Exercise:
Reproduce the material below only from the line with "SITRUUNAKEKSITAIKINA: Valmista sitruunakeksitaikina: Vaahdota" to the line with "กรุ๊ป ฮอนด้า สาขาถนนนราธิวาสฯ", both included, keeping each line exact and dropping the pictures.

Material provided:
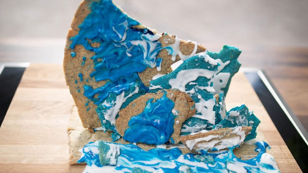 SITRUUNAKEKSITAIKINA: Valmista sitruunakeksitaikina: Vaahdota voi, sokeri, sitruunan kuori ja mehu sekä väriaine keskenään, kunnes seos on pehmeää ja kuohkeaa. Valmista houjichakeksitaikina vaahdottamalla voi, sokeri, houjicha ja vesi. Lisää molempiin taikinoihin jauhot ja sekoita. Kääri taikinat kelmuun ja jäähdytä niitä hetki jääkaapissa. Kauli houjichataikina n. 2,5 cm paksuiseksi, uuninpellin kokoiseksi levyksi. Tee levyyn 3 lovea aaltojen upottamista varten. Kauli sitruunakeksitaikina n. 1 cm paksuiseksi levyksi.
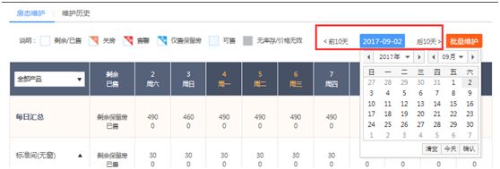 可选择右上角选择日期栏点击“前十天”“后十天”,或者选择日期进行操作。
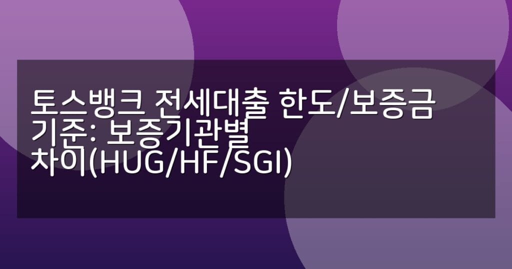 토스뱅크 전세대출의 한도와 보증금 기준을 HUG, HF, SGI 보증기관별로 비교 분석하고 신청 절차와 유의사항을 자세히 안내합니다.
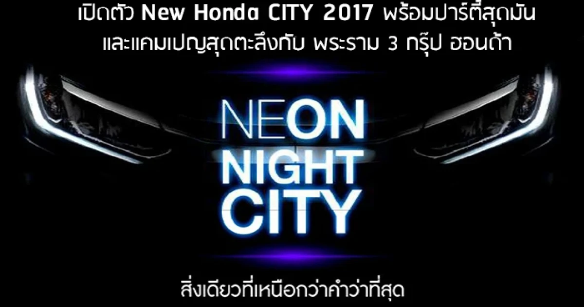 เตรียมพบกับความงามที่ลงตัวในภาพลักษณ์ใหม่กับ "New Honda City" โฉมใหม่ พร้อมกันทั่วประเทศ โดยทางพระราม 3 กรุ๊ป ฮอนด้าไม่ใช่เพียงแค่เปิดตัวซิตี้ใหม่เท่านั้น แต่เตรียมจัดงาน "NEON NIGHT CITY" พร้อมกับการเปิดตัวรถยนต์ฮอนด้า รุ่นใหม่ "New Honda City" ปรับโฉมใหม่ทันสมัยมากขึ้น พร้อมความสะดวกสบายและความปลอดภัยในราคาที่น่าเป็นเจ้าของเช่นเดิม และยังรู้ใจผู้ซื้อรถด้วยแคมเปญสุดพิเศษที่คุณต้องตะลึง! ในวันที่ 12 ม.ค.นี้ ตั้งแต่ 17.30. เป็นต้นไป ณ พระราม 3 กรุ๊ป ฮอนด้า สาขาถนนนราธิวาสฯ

---

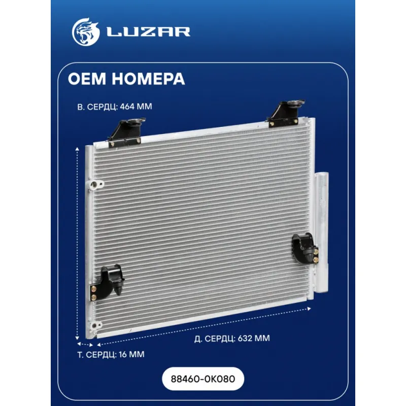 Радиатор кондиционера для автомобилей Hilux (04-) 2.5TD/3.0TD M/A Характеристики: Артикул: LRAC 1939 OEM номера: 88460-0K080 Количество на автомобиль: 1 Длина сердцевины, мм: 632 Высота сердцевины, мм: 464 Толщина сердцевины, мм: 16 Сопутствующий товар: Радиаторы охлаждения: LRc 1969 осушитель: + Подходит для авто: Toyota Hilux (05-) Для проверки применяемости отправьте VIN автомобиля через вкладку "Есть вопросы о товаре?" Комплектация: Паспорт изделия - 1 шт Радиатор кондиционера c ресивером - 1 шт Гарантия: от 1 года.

...

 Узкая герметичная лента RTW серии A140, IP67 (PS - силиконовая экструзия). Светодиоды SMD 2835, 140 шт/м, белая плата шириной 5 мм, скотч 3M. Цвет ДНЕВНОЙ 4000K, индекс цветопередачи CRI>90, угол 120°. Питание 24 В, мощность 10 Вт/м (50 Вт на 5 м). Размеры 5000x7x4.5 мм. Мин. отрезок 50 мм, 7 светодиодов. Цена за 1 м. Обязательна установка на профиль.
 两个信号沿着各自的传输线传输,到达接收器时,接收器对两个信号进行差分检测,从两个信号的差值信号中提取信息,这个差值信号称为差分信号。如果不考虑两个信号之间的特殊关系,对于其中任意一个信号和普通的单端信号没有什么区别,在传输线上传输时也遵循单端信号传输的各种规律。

Result of this task:
 SITRUUNAKEKSITAIKINA: Valmista sitruunakeksitaikina: Vaahdota voi, sokeri, sitruunan kuori ja mehu sekä väriaine keskenään, kunnes seos on pehmeää ja kuohkeaa. Valmista houjichakeksitaikina vaahdottamalla voi, sokeri, houjicha ja vesi. Lisää molempiin taikinoihin jauhot ja sekoita. Kääri taikinat kelmuun ja jäähdytä niitä hetki jääkaapissa. Kauli houjichataikina n. 2,5 cm paksuiseksi, uuninpellin kokoiseksi levyksi. Tee levyyn 3 lovea aaltojen upottamista varten. Kauli sitruunakeksitaikina n. 1 cm paksuiseksi levyksi.
 可选择右上角选择日期栏点击“前十天”“后十天”,或者选择日期进行操作。
 토스뱅크 전세대출의 한도와 보증금 기준을 HUG, HF, SGI 보증기관별로 비교 분석하고 신청 절차와 유의사항을 자세히 안내합니다.
 เตรียมพบกับความงามที่ลงตัวในภาพลักษณ์ใหม่กับ "New Honda City" โฉมใหม่ พร้อมกันทั่วประเทศ โดยทางพระราม 3 กรุ๊ป ฮอนด้าไม่ใช่เพียงแค่เปิดตัวซิตี้ใหม่เท่านั้น แต่เตรียมจัดงาน "NEON NIGHT CITY" พร้อมกับการเปิดตัวรถยนต์ฮอนด้า รุ่นใหม่ "New Honda City" ปรับโฉมใหม่ทันสมัยมากขึ้น พร้อมความสะดวกสบายและความปลอดภัยในราคาที่น่าเป็นเจ้าของเช่นเดิม และยังรู้ใจผู้ซื้อรถด้วยแคมเปญสุดพิเศษที่คุณต้องตะลึง! ในวันที่ 12 ม.ค.นี้ ตั้งแต่ 17.30. เป็นต้นไป ณ พระราม 3 กรุ๊ป ฮอนด้า สาขาถนนนราธิวาสฯ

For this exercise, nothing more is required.